The Story
Why it exists.
The beginning
Sui Love arrived in 2002, crafted by perfumer Jean-Louis Grauby for Anna Sui. The American designer of Chinese heritage, whose East Village boutique had become a destination for those seeking something beyond mainstream fashion, brought her characteristic collision of vintage pop culture and street-level optimism to this fragrance. Sui Love translates that aesthetic into something you could wear anywhere, a bright and unapologetic declaration of sweetness that refuses to apologize for being exactly what it is. The fragrance opens with a sunny, almost naive quality, like the optimism of a decade that believed in something bigger than itself.
Osmanthus, a small flower from East Asia with a distinctive apricot-tea character, shares top billing with passion fruit and Sicilian bergamot. Together these notes create an opening that feels simultaneously familiar and unexpected, the tropical sweetness of passion fruit softened by osmanthus and lifted by bergamot's citrus brightness.

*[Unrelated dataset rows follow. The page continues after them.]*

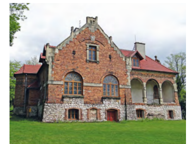
Dwór Dąbrowskich w Michałowicach

W skład zespołu dworskiego wchodzi: dwór, ruiny spichlerza, stajnia oraz park romantyczny. Dwór w stylu malowniczo-historyzmu wybudowano w latach 1892–1897. Był świadkiem wielu historycznych wydarzeń. W 1914 r. przechodziła tędy Pierwsza Kompania Kadrowa Józefa Piłsudskiego. W czasie I wojny światowej dwór pełnił rolę szpitala wojskowego. Po pożarze w 1979 r. został odbudowany przez obecnych właścicieli.
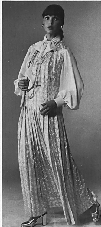
JAKOB SCHLAEPFER & CO. AG, ST. GALLEN Grosses, plissiertes Abendkleid aus besticktem beige Chiffon mit Pailletten und Seiden-Stickerei, bestehend aus Faltenrock, Bluse und Cardigan. — Grand ensemble du soir en chiffon beige, avec broderie de soie et de paillettes, composé d'une jupe plissée, d'une blouse et d'un cardigan. — Gala pleated skirt, blouse and cardigan in beige embroidered chiffon with sequins and silk embroidery.
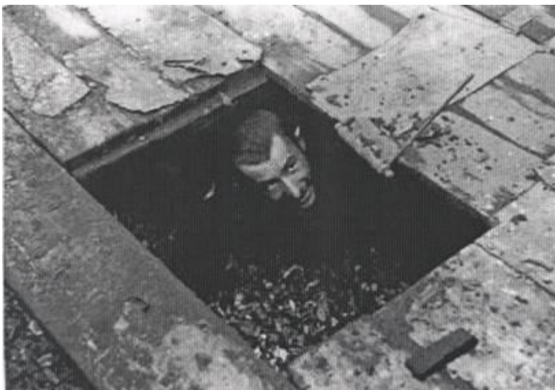
לודג' - פתח מסתור בעליית גג
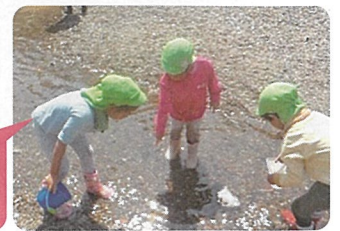
あっ!! あそこに 魚がいる
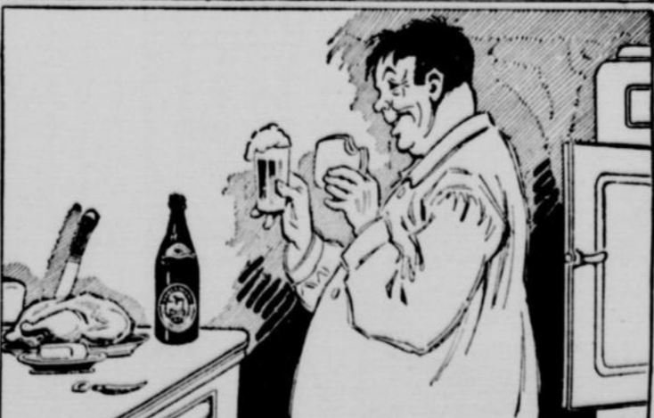
Ya pas à dire, comme régal - c'est tapé!
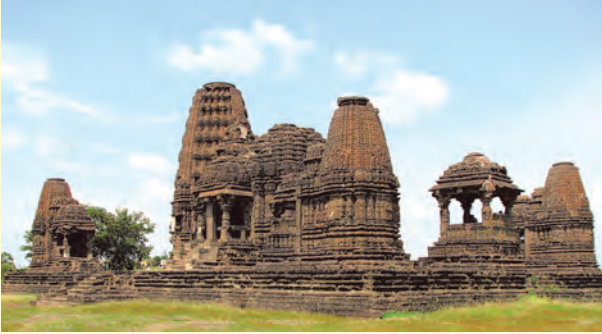
गोंदेश्वर मंदिर - सिन्नर

महाराष्ट्रातील बाराव्या-तेराव्या शतकातील मंदिरांना 'हेमाडपंती' मंदिरे असे म्हणतात. हेमाडपंती मंदिराच्या बाह्य भिंती बऱ्याचदा तारकाकृती असतात. तारकाकृती मंदिराच्या बांधणीत मंदिराची बाह्य भिंत अनेक कोनांमध्ये विभागली जाते. त्यामुळे त्या भिंती आणि त्यावरील शिल्पे यांच्यावर छायाप्रकाशाचा सुंदर परिणाम पाहण्यास मिळतो. हेमाडपंती मंदिरांचे महत्त्वाचे वैशिष्ट्य म्हणजे भिंतीचे दगड सांधण्यासाठी चुना वापरलेला नसतो. दगडांमध्येच एकमेकांत घट्ट बसतील अशा कातलेल्या खोबणी आणि कुसू यांच्या आधाराने भिंत उभारली जाते. मुंबईजवळील अंबरनाथ येथील अंब्रेश्वर, नाशिकजवळचे सिन्नर येथील गोंदेश्वर, हिंगोली जिल्ह्यातील औंढा नागनाथ ही हेमाडपंती मंदिराची उत्तम उदाहरणे आहेत. त्यांची बांधणी तारकाकृती प्रकारची आहे. त्याखेरीज महाराष्ट्रात अनेक ठिकाणी हेमाडपंती मंदिरे पहावयास मिळतात.
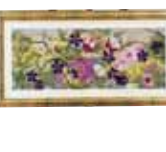
春爛漫 伊是名 教子
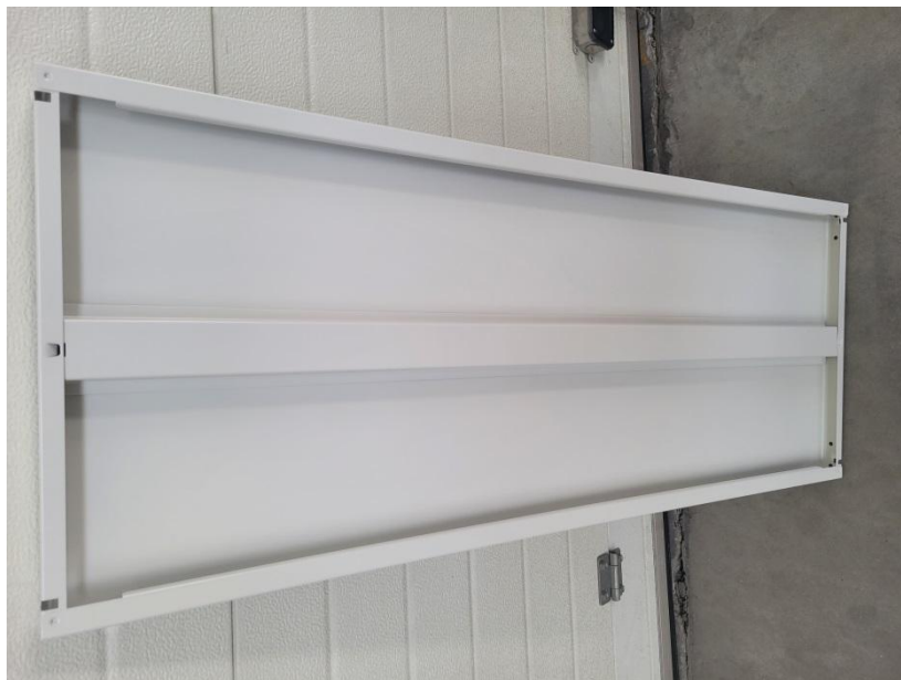
Widok wzmocnienia w półce
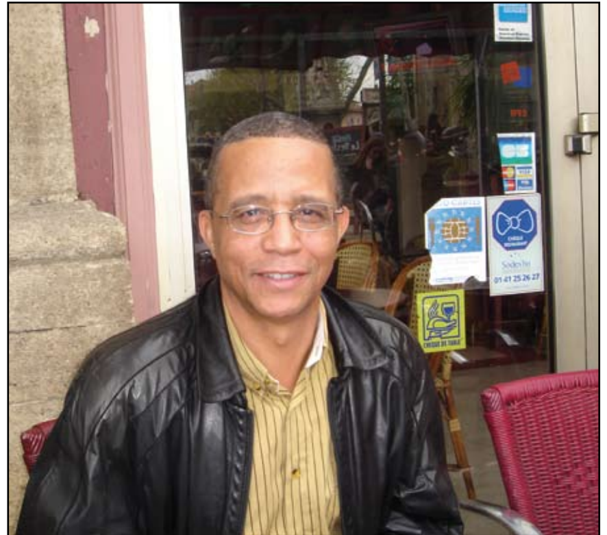
Yasmina Khadra au coeur historique d'Aix-en-Provence

mina Khadra. Comment lui vient l'inspiration des thèmes qui essaient ses romans ? On l'aura compris, la violence est au cœur des romans de Yasmina Khadra. Mais pédagogique, il tempère : « A travers mon livre je prends l'Occidental par la main et je l'amène au commencement du malentendu, au plus proche de cet homme qui, un jour, décide de se faire sauter au milieu d'innocents ». Il considère avoir accompli son œuvre : « Il n'y aura pas de suite à cette trilogie consacrée au malentendu entre l'Orient et l'Occident ». Examinons à présent la technique de l'écriture chez Yasmina Khadra ou la flamboyance du verbe la dispute à peine à cette esthétique tour à tour saccadée, hachée ou torrentielle, selon l'humeur et qui vous subjugue de bout en bout d'un récit qui se donne à découvrir à chaque nouveau parcours que vous en faites. Lui reproche-t-on de s'intéresser à des thèmes qui captivent les Occidentaux plutôt que ses concitoyens ? Il se défend sans perdre pied : « je ne voulais pas donner un nom arabe à la violence, argue-t-il, car elle est partout humaine »... C'est, arpent de terre par arpent de terre, en effet, que Yasmina Khadra défend, l'arme au poing allais-je me hasarder, son terrain vital. Il le fait avec un grand bonheur même si c'est au prix d'une férocité
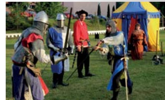
Vitezovi iz Loške doline oživjeli su priču o Martinu Krpanu

Snežnik" koju ljubitelji povijesti iz Loške doline, Općine s kojom je Grad Lepoglava potpisao povelju o bratimljenju, upriličuju tijekom srednjovjekovnog sajma koji se održava podno starog grada Snežnik u Loškoj Dolini. Ovom je prilikom, na zadovoljstvo brojnih posjetitelja manifestacije Dani sporta, zabave i kulture, izvedena i u Višnjici.
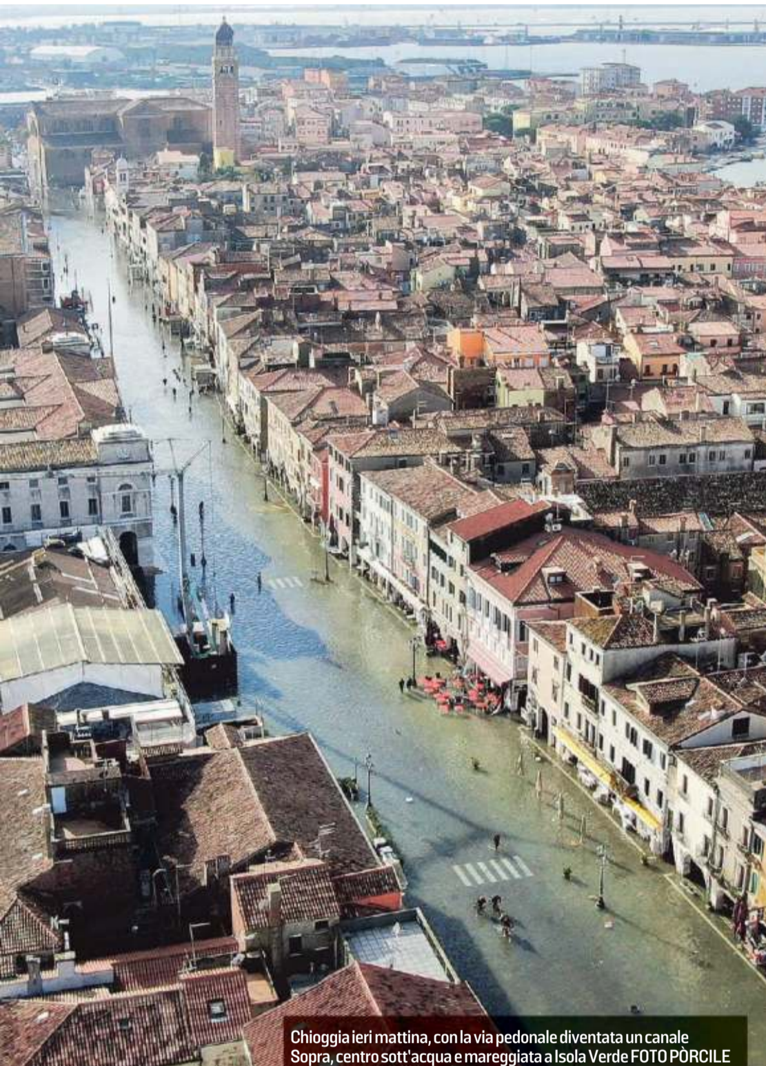
Chioggia ieri mattina, con la via pedonale diventata un canale. Sopra, centro sott'acqua e mareggiata a Isola Verde.
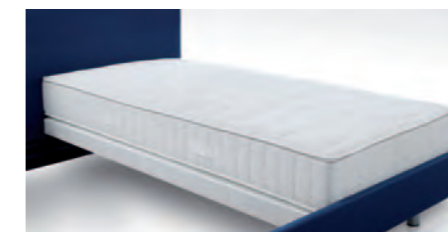
Einlegebeispiel Selecta UP11-N
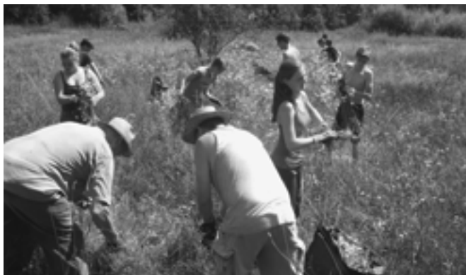
Fleissige Hände – schnelles Ende!

Um die Mittagszeit, nach getaner Arbeit, haben unsere Chuchichefs feines Grilliertes aufgetischt, danach sasssen wir noch ein wenig beieinander und liessen den schweisstreibenden Vormittag ausklingen.

The heart is populated by tuberose and jasmine in their most generous expression, softened by water lily's cool aquatic note. These florals arrive with confidence, layering their sweetness into the composition.
The evolution
The first twenty minutes are the fullest expression of the fragrance. Osmanthus and passion fruit arrive together, sweet, almost candied, with a tropical brightness that feels like sunlight through a window you forgot to close. Bergamot adds citrus sharpness that prevents the opening from becoming overly sweet. Then the florals take over. Tuberose, jasmine, and orange blossom push through in a wave that makes its presence known, this fragrance doesn't hide its intentions. The garden holds for hours, water lily and white rose providing counterbalance, a cooler register that keeps the composition from collapsing under its own generosity. Pink pepper appears and disappears, a flicker of spice that keeps the heart from becoming static. The drydown reveals its rewards as the florals soften.
Cultural impact
Osmanthus, a flower central to Chinese poetry and perfumery traditions, brings its distinctive apricot-tea nuance to Sui Love. Anna Sui, a designer whose work consistently blends her Chinese heritage with American influences, incorporated this botanical element into a fragrance that feels both personal and accessible. The osmanthus note adds a layer of cultural depth that distinguishes the scent from its contemporaries, offering wearers something rooted in a rich perfumery tradition while remaining firmly in the fruity-floral territory that characterized much of the era's popular fragrances.